Home > Love Letters to the Dead(36)

Love Letters to the Dead(36)
Author: Ava Dellaira

I wanted to hold his heart in mine and to make a safe place for it. “You’re going to create something great. You’ll be an amazing writer.”

Sky smiled at me. “Your turn,” he said. “What was yours?”

“It was sort of long. It was about this John Keats poem that we read in English, the one that ends with ‘Beauty is truth, truth beauty.’ I’ve been thinking about what that means. And then, when we were writing stuff down, I thought I understood it all of a sudden. The intention said, ‘Truth is beautiful, no matter what that truth is. Even if it’s scary or bad. It is beauty simply because it’s true. And truth is bright. Truth makes you more you. I want to be me.’”

When I finished, I was waiting for Sky to say something, but he just looked at me for a minute. “That’s pretty,” he finally answered, “but I don’t really get it. I mean, what is the truth you’re scared of?”

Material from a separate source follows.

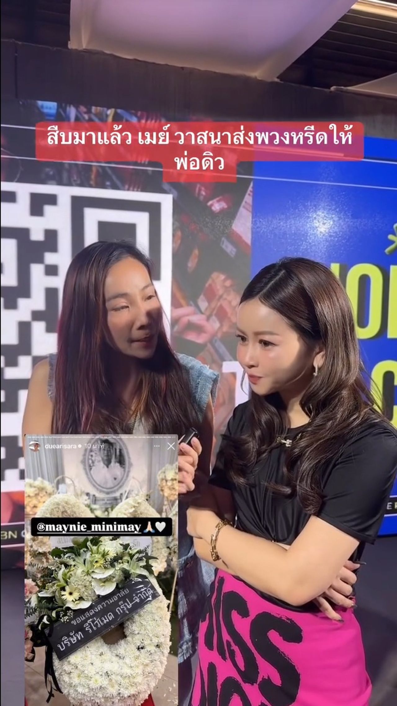 ซึ่งในพิธีศพของคุณพ่อดิวก็มีคนในวงการบันเทิงและคนดังในแวดวงต่างๆ ส่งพวงหรีดมาร่วมแสดงความอาลัยมากมาย หนึ่งในนั้นคือนักธุรกิจสาว เมย์ วาสนา อินทะแสง ที่มีประเด็นเรื่องที่ถูกดิวยืมของไป 62 ล้านบาท ก็ส่งพวงหรีดมาร่วมแสดงความเสียใจ จนกลายเป็นกระแสร้อนในโลกออนไลน์

I shrugged. I thought somehow he’d understand. I thought somehow those words would have been enough to tell him everything I couldn’t say. “I don’t know,” I replied.

“If you want to be you, you can tell me. I want to know you.”

I wanted to tell him, but the story seemed to start such a long time ago. It didn’t fit into my mouth. It didn’t fit into my brain, even. It started when I figured out how things could get broken. When suddenly May couldn’t protect me anymore. It started when knowing that was sadder than all of the things themselves. My thoughts were spinning away, and then it hit me. She’s gone. I tried to push the reality away, but it was so heavy, I could barely breath.

“Laurel,” Sky said, “talk to me. Stop disappearing. Tell me something. Anything.”

I was spinning again. I started going backward, everything from the past blurring into the present, and through it all was the worst guilty feeling. I had to make it go away. I had to find May.

“Okay,” I said. “I’ll tell you a secret.” I leaned into him and whispered, “I’m a fairy.”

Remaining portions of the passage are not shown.